Semantic ranking Query request Applies machine reading comprehension to search results, promoting more semantically relevant results to the top.
featuresMode parameter Query request This parameter is mostly used for unpacking a BM25-ranked score, but it can be used for in code that provides a custom scoring solution.

featuresMode parameter (preview)

Search Documents requests support a featuresMode parameter that provides more detail about a BM25 relevance score at the field level. Whereas the @searchScore is calculated for the document all-up (how relevant is this document in the context of this query), featuresMode reveals information about individual fields, as expressed in a @search.features structure. The structure contains all fields used in the query (either specific fields through searchFields in a query, or all fields attributed as searchable in an index).

For each field, @search.features give you the following values:

  • Number of unique tokens found in the field
  • Similarity score, or a measure of how similar the content of the field is, relative to the query term
  • Term frequency, or the number of times the query term was found in the field

For a query that targets the "description" and "title" fields, a response that includes @search.features might look like this:

"value": [
 {
    "@search.score": 5.1958685,
    "@search.features": {
        "description": {
            "uniqueTokenMatches": 1.0,
            "similarityScore": 0.29541412,
            "termFrequency" : 2
        },
        "title": {
            "uniqueTokenMatches": 3.0,
            "similarityScore": 1.75451557,
            "termFrequency" : 6
        }
    }
 }
]

You can consume these data points in custom scoring solutions or use the information to debug search relevance problems.
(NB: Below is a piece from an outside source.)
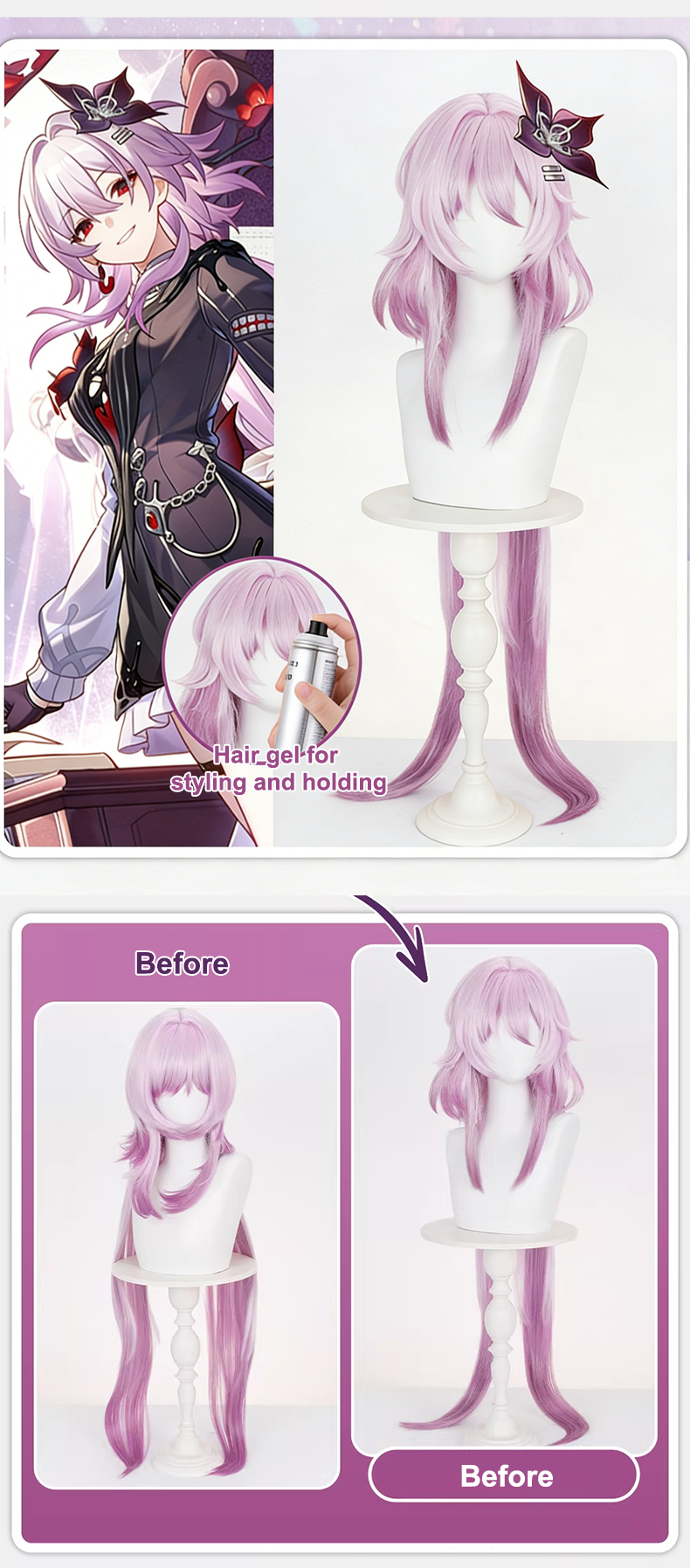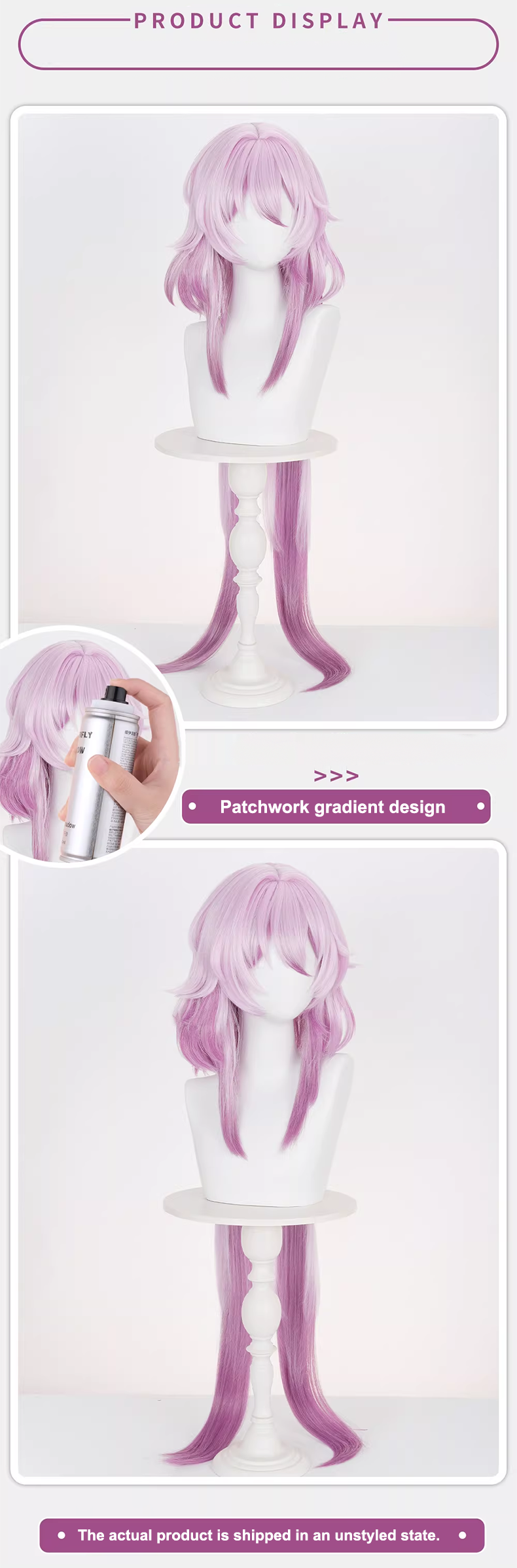 When the wig is not being worn, gently comb the strands following the wig’s original style, then place it on a wig stand with longer sections hanging naturally.

The featuresMode parameter isn't documented in the REST APIs, but you can use it on a preview REST API call to Search Documents for text (Keyword) search that's BM25-ranked.

Number of ranked results in a full text query response

By default, if you aren't using pagination, the search engine returns the top 50 highest ranking matches for full text search. You can use the top parameter to return a smaller or larger number of items (up to 1,000 in a single response). You can use skip and next to page results. Paging determines the number of results on each logical page and supports content navigation. For more information, see Shape search results.

Full text search is subject to a maximum limit of 1,000 matches (see API response limits). Once 1,000 matches are found, the search engine no longer looks for more.